Créeme. Si aún no os he presentado no es porque me avergüence de ti, sino más
bien al contrario. Ella es tan estirada como todas las damas de su edad. Vive
obsesionada por las formas y las apariencias, como la mayor parte de nuestra
sociedad. A veces pienso que estamos todos podridos. Y desde que te conozco,
mucho más. Tú eres tan espontánea y sincera… Tan transparente. En Londres todos
tienen una doble vida que deben esconder. Sin embargo tú eres tal como te
muestras. En ti no hay doblez ni engaño. Las viejas brujas que frecuentan el
salón de mi madre deberían besar el suelo que pisas.

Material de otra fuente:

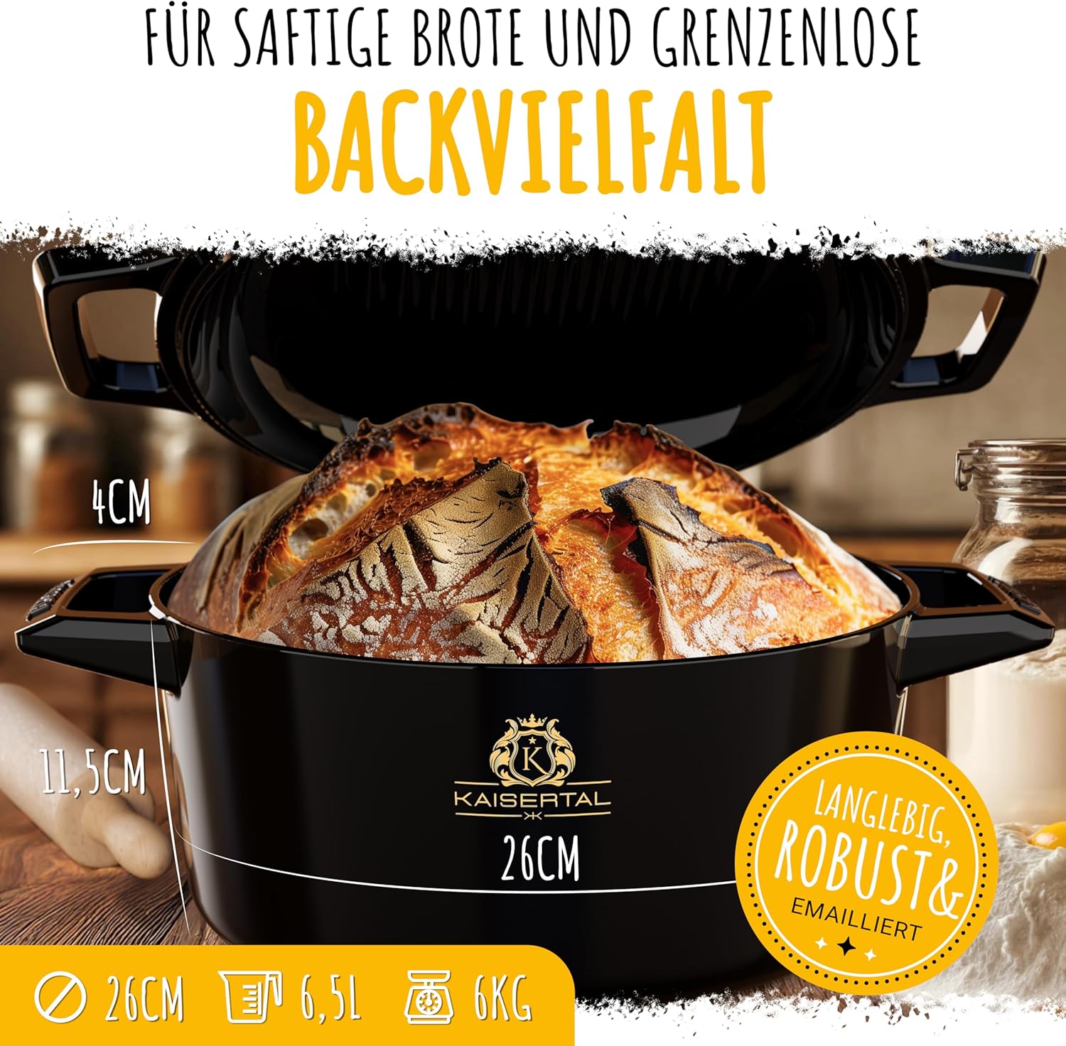 Mit der KAISERTAL Brotbackform emailliert mit Gärkorb backst du dein Lieblingsbrot ganz ohne Bäckerei. Die 26 cm große Gusseisenform bietet optimale Hitzeverteilung für gleichmäßige Kruste und saftiges Inneres. Perfekt für Sauerteig, Weizen- oder Dinkelbrot - in deiner eigenen Küche.

No es que no creyese sinceramente todas y cada una de
esas palabras... No obstante seguía postergando el encuentro que le quitaba el
sueño. Su madre no la entendería jamás. Y mucho menos aprobaría su forma de
vestir, maquillarse, moverse, hablar, reír, comer… Nadie en todo Londres la aceptaría
públicamente. Nunca serían invitados a cenas o fiestas. Quizá incluso peligrasen
sus empleos una vez ella hubiese acabado su misión en el hospital. Claro que
con el peso de que gozaba la prostitución en el Est End, puede que eso no
sucediese en un siglo o dos.
***
―Sé que no resultaría adecuado que nos casásemos ahora; deberíamos
guardar luto por mi madre algún tiempo. Pero quizá podríamos empezar a proyectar
nuestra boda. Una lástima que ella no llegue a verla. Ahora que ya es demasiado
tarde, me arrepiento de no haber encontrado nunca el momento oportuno para
presentársela.
―No te tortures, querido. Nadie puede predecir cuándo
sufrirá un ataque al corazón una mujer de mediana edad. Incluso si nunca ha
tenido problemas cardíacos, siempre hay una primera vez. Y justo ésa puede convertirse
en la definitiva. Es cuestión de suerte. De mala suerte, quiero decir.
―Hace algún tiempo me dijiste que había dos cosas que
necesitabas solucionar antes de nuestra boda… Me pregunto si ya están
resueltas.
―Casi. Una la acabo de liquidar definitivamente ―sonríe aliviada―.
La otra aún me quita el sueño por las noches. Pero no te preocupes; soy muy
perseverante. Cuando me propongo algo, siempre lo consigo.
―A propósito de perseverancia, ¿qué tal van tus estudios
sobre la…? ¿Cómo demonios la llamas tú? ―Chasca los dedos mientras se esfuerza en
recordar el término acuñado por ella.
―Muerte súbita
infantil.
Su gesto alegre muda por completo. A menudo se pregunta
si le hará bien ese trabajo que pretende desarrollar aprovechando su estancia
en el hospital. En un futuro podría ayudar a reducir la tasa de mortalidad
infantil durante los primeros meses de vida, pero ella es tan sensible ―especialmente
cuando se trata del sufrimiento de los bebés― que le preocupa que pueda
terminar afectando a su estabilidad emocional. Quizá cuando tenga a su propio hijo en brazos deje de interesarse tanto
por los de las demás mujeres, procura confortarse.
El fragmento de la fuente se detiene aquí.